TASK DESCRIPTION — Please repeat the lines below exactly. Begin with the line containing "Le laboratoire PARAKITO" and go on through the line containing "Oxyglow skin whitening".

══ DATA RECORDS

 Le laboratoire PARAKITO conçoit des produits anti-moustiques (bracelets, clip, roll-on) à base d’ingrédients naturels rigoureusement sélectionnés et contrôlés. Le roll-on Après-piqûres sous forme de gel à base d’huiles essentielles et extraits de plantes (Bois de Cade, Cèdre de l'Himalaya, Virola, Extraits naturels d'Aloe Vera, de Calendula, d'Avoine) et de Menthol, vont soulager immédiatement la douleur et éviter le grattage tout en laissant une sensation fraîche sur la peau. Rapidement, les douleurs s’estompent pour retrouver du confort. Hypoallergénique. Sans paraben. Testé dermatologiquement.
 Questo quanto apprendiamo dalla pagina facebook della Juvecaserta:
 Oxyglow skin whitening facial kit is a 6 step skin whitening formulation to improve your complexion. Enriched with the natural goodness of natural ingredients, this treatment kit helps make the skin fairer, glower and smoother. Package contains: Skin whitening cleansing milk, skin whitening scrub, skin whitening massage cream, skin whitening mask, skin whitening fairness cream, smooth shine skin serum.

════
══ DATA RECORDS

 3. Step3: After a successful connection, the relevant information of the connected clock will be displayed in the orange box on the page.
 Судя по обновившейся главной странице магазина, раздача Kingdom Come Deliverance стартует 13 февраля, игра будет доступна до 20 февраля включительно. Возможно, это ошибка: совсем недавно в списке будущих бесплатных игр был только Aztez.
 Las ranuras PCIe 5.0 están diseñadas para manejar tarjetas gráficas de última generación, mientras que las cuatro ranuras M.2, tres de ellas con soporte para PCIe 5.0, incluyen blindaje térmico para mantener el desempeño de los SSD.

════

FINISHED EXERCISE —
 Le laboratoire PARAKITO conçoit des produits anti-moustiques (bracelets, clip, roll-on) à base d’ingrédients naturels rigoureusement sélectionnés et contrôlés. Le roll-on Après-piqûres sous forme de gel à base d’huiles essentielles et extraits de plantes (Bois de Cade, Cèdre de l'Himalaya, Virola, Extraits naturels d'Aloe Vera, de Calendula, d'Avoine) et de Menthol, vont soulager immédiatement la douleur et éviter le grattage tout en laissant une sensation fraîche sur la peau. Rapidement, les douleurs s’estompent pour retrouver du confort. Hypoallergénique. Sans paraben. Testé dermatologiquement.
 Questo quanto apprendiamo dalla pagina facebook della Juvecaserta:
 Oxyglow skin whitening facial kit is a 6 step skin whitening formulation to improve your complexion. Enriched with the natural goodness of natural ingredients, this treatment kit helps make the skin fairer, glower and smoother. Package contains: Skin whitening cleansing milk, skin whitening scrub, skin whitening massage cream, skin whitening mask, skin whitening fairness cream, smooth shine skin serum.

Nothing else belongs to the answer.